Very few features were eliminated with this technique.  Since feature elimination is one of teh primary benefits of using the 'l1' penalty, other steps will need to be used to select the salient features.  

As an aside, the affect of using the scalar has not been considered.  Below, I'll do a run without appliying the scalar.



In [8]:
baseline3 = make_data_dict(X,y,random_state=43)

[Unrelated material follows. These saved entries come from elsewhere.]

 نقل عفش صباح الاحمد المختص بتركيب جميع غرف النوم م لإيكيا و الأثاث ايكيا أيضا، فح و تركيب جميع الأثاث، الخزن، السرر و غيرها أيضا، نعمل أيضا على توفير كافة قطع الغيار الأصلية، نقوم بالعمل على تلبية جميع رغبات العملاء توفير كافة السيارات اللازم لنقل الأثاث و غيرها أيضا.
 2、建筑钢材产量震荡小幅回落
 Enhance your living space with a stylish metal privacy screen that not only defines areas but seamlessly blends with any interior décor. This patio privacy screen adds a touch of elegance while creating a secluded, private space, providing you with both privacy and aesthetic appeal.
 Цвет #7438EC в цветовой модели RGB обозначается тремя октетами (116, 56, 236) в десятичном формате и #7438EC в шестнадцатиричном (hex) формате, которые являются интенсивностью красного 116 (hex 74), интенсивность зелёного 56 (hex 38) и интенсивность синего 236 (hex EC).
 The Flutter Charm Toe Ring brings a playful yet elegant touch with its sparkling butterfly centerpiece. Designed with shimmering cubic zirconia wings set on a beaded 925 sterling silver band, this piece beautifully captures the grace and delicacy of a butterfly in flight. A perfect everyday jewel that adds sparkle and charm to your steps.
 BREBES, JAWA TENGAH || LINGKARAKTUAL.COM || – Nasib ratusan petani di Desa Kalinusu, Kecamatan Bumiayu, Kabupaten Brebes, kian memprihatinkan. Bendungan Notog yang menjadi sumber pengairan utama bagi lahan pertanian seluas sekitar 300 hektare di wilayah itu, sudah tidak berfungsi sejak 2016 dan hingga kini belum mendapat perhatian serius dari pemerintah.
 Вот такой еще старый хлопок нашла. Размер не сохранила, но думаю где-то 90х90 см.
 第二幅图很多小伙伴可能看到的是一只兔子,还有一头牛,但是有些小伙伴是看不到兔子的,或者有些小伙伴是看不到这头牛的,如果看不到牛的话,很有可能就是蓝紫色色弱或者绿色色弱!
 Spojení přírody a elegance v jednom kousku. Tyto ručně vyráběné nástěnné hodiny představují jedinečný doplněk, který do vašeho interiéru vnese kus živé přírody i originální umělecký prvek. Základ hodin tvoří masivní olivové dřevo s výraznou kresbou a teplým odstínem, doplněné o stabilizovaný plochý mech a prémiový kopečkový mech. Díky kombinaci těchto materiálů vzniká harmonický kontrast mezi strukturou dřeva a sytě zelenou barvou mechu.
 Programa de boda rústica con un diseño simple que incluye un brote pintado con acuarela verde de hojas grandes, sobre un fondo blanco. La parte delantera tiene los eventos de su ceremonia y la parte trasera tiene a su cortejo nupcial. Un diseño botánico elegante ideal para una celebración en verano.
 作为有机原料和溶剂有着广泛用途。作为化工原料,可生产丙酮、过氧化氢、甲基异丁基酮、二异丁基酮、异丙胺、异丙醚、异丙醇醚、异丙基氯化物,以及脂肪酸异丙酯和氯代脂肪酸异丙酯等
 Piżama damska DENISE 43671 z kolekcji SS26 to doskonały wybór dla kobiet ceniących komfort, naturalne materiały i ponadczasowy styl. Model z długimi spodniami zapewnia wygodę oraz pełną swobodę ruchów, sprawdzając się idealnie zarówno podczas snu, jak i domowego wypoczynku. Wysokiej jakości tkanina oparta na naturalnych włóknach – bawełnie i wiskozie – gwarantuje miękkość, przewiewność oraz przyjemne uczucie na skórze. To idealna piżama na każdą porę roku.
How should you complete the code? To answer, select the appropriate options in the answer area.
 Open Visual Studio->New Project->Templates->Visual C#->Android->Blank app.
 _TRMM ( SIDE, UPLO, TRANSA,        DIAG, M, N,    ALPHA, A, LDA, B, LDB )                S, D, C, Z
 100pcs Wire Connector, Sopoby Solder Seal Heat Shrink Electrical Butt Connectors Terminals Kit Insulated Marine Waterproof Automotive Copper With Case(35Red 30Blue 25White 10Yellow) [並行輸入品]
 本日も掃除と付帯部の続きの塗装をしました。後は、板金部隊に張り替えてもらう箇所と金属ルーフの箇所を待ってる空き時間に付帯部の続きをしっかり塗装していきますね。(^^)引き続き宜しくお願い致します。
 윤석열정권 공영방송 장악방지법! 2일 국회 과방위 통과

X_train3 = baseline3[-1]['X_train']
y_train3 = baseline3[-1]['y_train']
X_test3 = baseline3[-1]['X_test']
y_test3 = baseline3[-1]['y_test']

LogReg3  = LogisticRegression(n_jobs=-1,verbose =3, penalty='l1')
baseline3.append(general_model(LogReg3,X_train3, y_train3, X_test3, y_test3))

print "\n"
print "The mean accuracy of the training set is {:.2f}%.".format (baseline3[-1]['train_score']*100)
print "The mean accuracy of the test set is {:.2f}%.".format (baseline3[-1]['test_score']*100)

[LibLinear]

The mean accuracy of the training set is 79.07%.
The mean accuracy of the test set is 50.00%.




### Conclusion, part 2

Including the scalar transformation reduces the computation time compared to doing the regression without scaling.  The results are virtually the same with and without the scalar. However, the scalar helps the anaylsis converge quickly.